Political state of Spain. All the intrigues and corruptions and conflicting interests before described had increased in violence. The negotiations for the mediation of England with the colonies, were not ended; Carlotta still pressed her claims; and the division between the liberals and serviles, as they were called, became daily wider. Cadiz was in 1811 the very focus of all disorder. The government was alike weak and dishonest, and used many pitiful arts to extract money from England. No subterfuge was too mean. When Blake was going with the fourth army to Estremadura, previous to the battle of Albuera, the minister Bardaxi entreated the British envoy to grant a loan, or a gift, without which, he asserted, Blake could not move; Mr. Wellesley refused, because a large debt was already due to the legation, and the next morning a Spanish ship of war from America landed a million and a half of dollars!
In July, notwithstanding the victory of Albuera, the regency was held in universal contempt, both it and the cortes were without influence, and their conduct merited it. For although vast sums were continually received, and every service was famished, the treasury was declared empty, and there was no probability of any further remittances from America. The temper of the public was soured towards England, the press openly assailed the British character, and all things so evidently tended towards anarchy, that Mr. Wellesley declared “Spanish affairs to be then worse than they had been at any previous period of the war.”

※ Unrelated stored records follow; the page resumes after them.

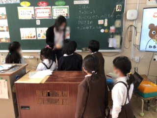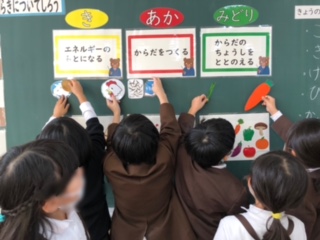 黄色(エネルギーのもとになる食べ物)・赤色・赤色(体を作る食べ物)・緑体の調子を整える)食べ物について、分けていきます。
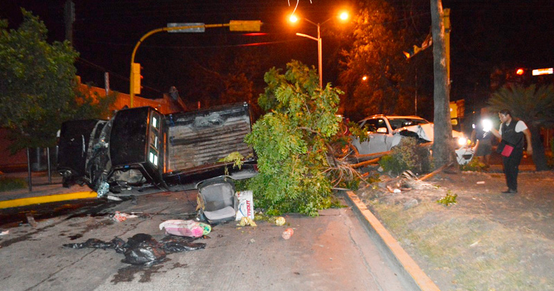 La imprudencia de un joven provoca que rebase límite de alto con su vehículo y se impacte contra una camioneta que terminó volcada en el 17 Matamoros; una pareja quedan heridos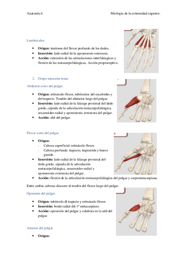 He publicado nuevos apuntes de 1º Anatomía del Aparato Locomotor: Musculatura intrínseca de la mano.pdf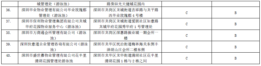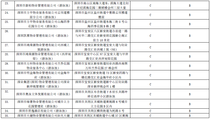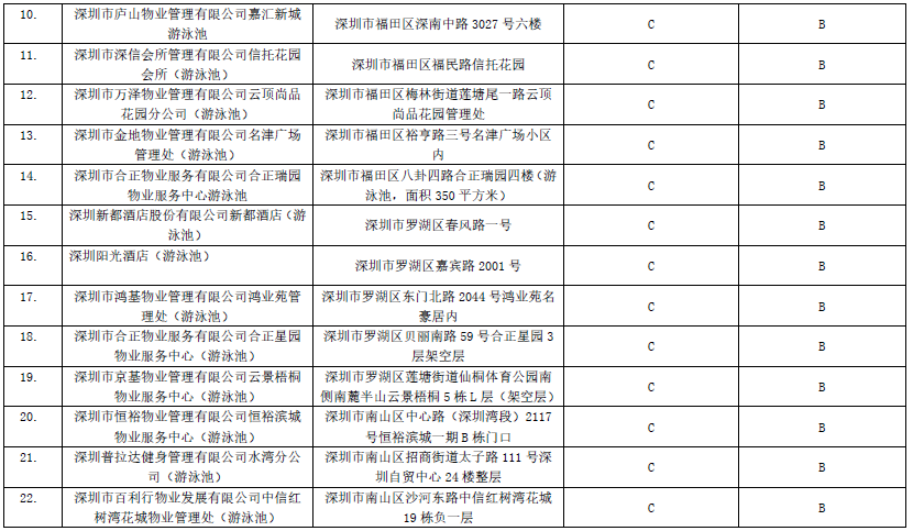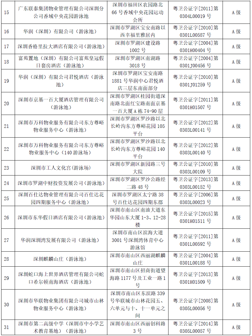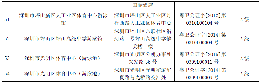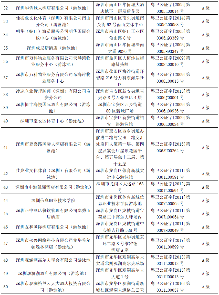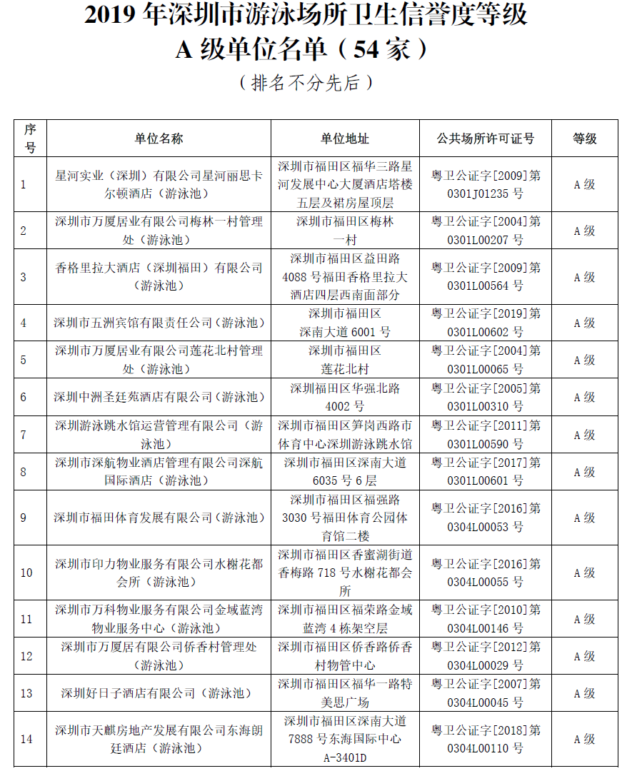 附:2019年深圳市游泳場所衛(wèi)生信譽(yù)度等級(jí)A級(jí)名單

The cortes, at first swayed by priests and lawyers, who cherished the inquisition and were opposed to all free institutions, was now chiefly led by a liberal or rather democratic party, averse to the British influence; hence, in August a new constitution, quite opposed to the aristocratic principle, was promulgated. With the excellencies and defects of that instrument the present History has indeed little concern, but the results were not in accord with the spirit of the contrivance, and the evils affecting the war were rather increased by it; the democratic basis of the new constitution excited many and bitter enemies, and the time and attention, which should have been bestowed upon the amelioration of the soldiers’ condition, was occupied in factions, disputes, and corrupt intrigues.